Короткий адрес: https://sciup.org/14119845

IDR: 14119845

Текст научной статьи Очерки о сущности права и правоведения

К аждое из направлений в современной теории права не только возбуждает против себя особое сомнение, но и страдает сверх того основным недостатком, свойственным всей предшествующей философии права. До сих пор применяемые к различным направлениям в правоведении усилия использовались для того, чтобы с помощью одной и той же формулы дать ответ на три основных вопроса общей теории права: о понятии права, допустимости правового принуждения и справедливом содержании какого-либо права.

То, что в социальной жизни соответствует общественной природе человека или природе права, или духу народа как естественного целого, или социальному хозяйству и способу производства, по самому понятию является «правом», которое с основанием применяет принуждение и в своем содержании является правомерным. В противоположность этому основные положения излагаемой в настоящей статье позиции подтверждают, что стремление найти ответ на три поставленные выше вопроса правовой философии в единой общей формулировке является, на наш взгляд, необоснованно оптимистичным.

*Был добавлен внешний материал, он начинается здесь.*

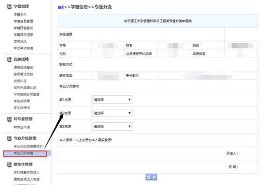 4、点击【学籍成绩】-【专业分流申请】,成绩单核对无误后,在此页面可查看个人在大类内的成绩排名,同时可在线对分流志愿进行填报申请。志愿处下拉选择对应专业即可,确认后点击提交按钮进行提交。(注意:一旦提交,志愿将不能再做修改!)
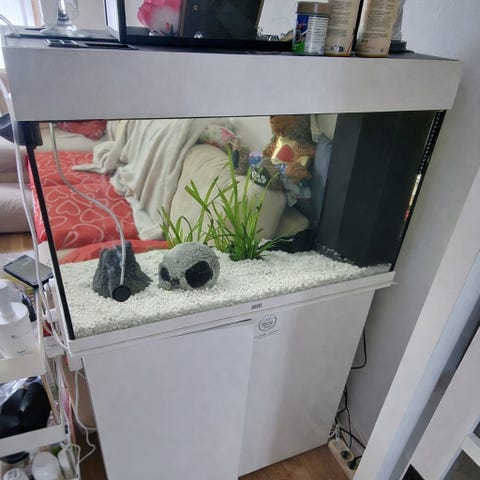 125 L akvarie inklusiv både pumpe, filtre, slanger og diverse øvrigt udstyr. Komplet pakke klar til brug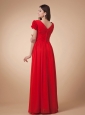 Home >  Prom Dresses >  Best Prom Dresses > Wine Red Empire Prom Dress V-neck Short Sleeves Floor-length Chiffon With Ruch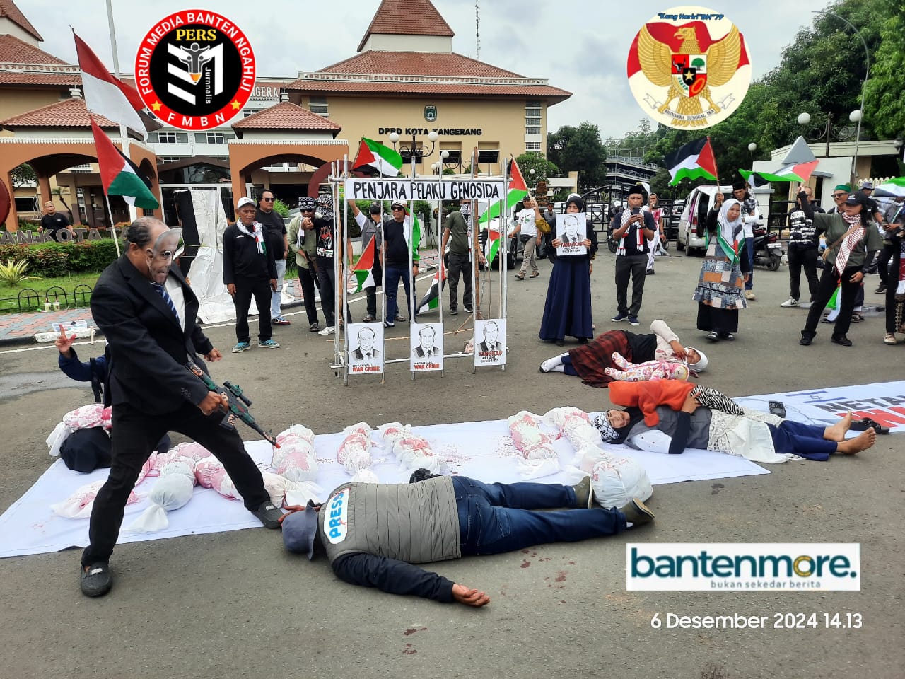 “Maka, kami dari Gerakan Solidaritas Masyarakat Tangerang dan Jurnalis Peduli Palestina, mendesak Pemerintah Indonesia untuk segera membuat pernyataan resmi tangkap PM Israel Benjamin Netanyahu,” tegas dia.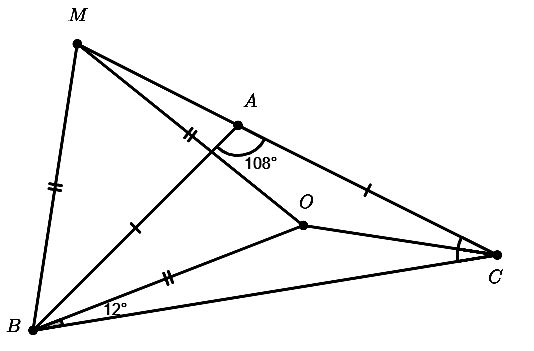 Cho tam giác ABC cân ở A , \(\angle{BAC} = {108^0}\), Gọi O là một điểm nằm trên tia phân giác của góc C sao cho \(\angle{CBO} = {12^0}\). Vẽ tam giác đều BOM ( M và A cùng thuộc một nửa mặt phẳng bờ BO). Chứng minh ba điểm C, A, M thẳng hàng.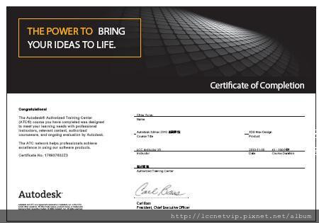 當初報名的時候,聯成電腦課程買一送一相當優惠,這時我很苦惱要選哪一個課程,當初的輔導老師推薦我學3DsMAX。學完ainter後,課業開始忙了,一直沒有機會學3DsMAX,但近年來生活一直被「3D」圍繞著,不管什麼都要3D,最普遍的是電影,阿凡達票房長紅,接著連電視、電玩,甚至連跨年晚會的舞台也有3D效果,我覺得如果我學會3DsMAX或許可以跟得上時代的潮流。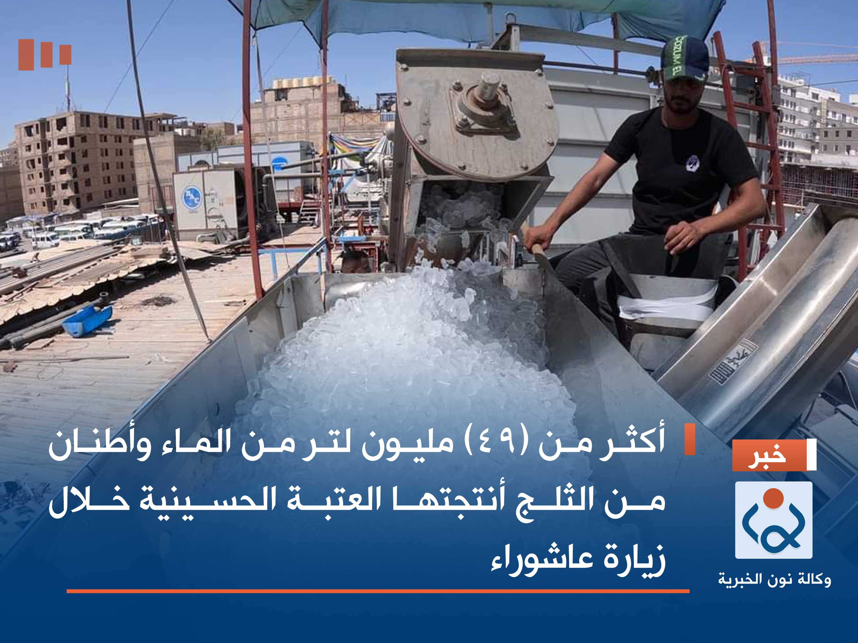 وقال رئيس قسم الصيانة المهندس عبد الحسن محمد لوكالة نون الخبرية، إن "القسم أنتج (49.390) متر مكعب من الماء الخام والـ (R.O) وأطنان من الثلج خلال زيارة عاشوراء، وتم تشغيل معامل الثلج ومحطات تحلية الماء الـ (R.O) والخام بكامل طاقتها الإنتاجية".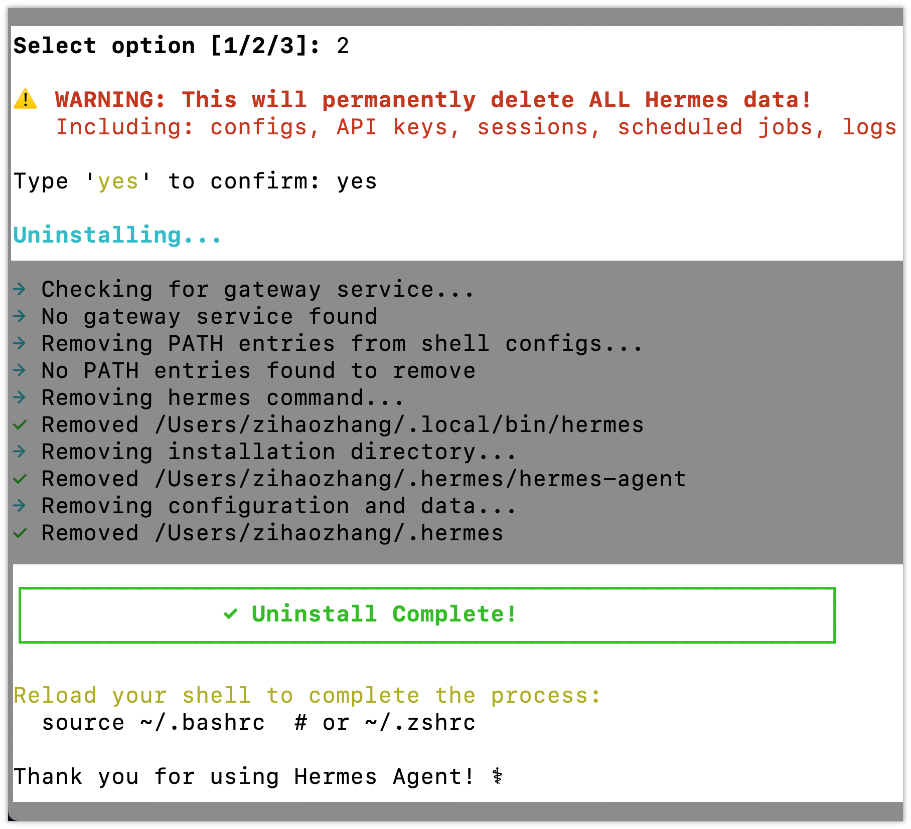 如果仍然不放心,回到初始的终端页面,执行下面这三行命令,也会将电脑上所有关于 Hermes Agent 的内容全部删除。

Ответ на три вышеназванных вопроса следует давать по отдельности. Вопрос о действии известного права не может получить ответа на основании особенностей его содержания. Бывает плохое по содержанию право, и тем не менее оно обладает правовым действием. Таким образом, утверждать, что несправедливый запрет не является правом и правовой запрет не может быть несправедливым, представляется ложным по двум причинам. Кто объявляет несправедливым содержание известного права, тот тем самым не говорит, что это право не действует; в случае, когда кто-либо противопоставляет недостатки правового строя тому, что представлялось бы в данном положении по существу справедливым. И это отнюдь не значит, что рассматриваемое явление обладает уже и правовым действием. Эти положения могли бы представляться вполне понятными и не нуждающимися в каком-либо подчеркивании, если бы опыт не показывал, что многие юристы по традиции рассматривали два вышеназванных вопроса – о действии и справедливости права – как взаимно покрывающие друг друга. Однако это представляется неправильным: методический ход доказательств в вопросе о том, обладает ли известное правовое решение в данном положении свойством справедливости, не имеет совершенно ничего общего с вопросом, должен ли судья и стороны их применять или оставить без внимания это решение.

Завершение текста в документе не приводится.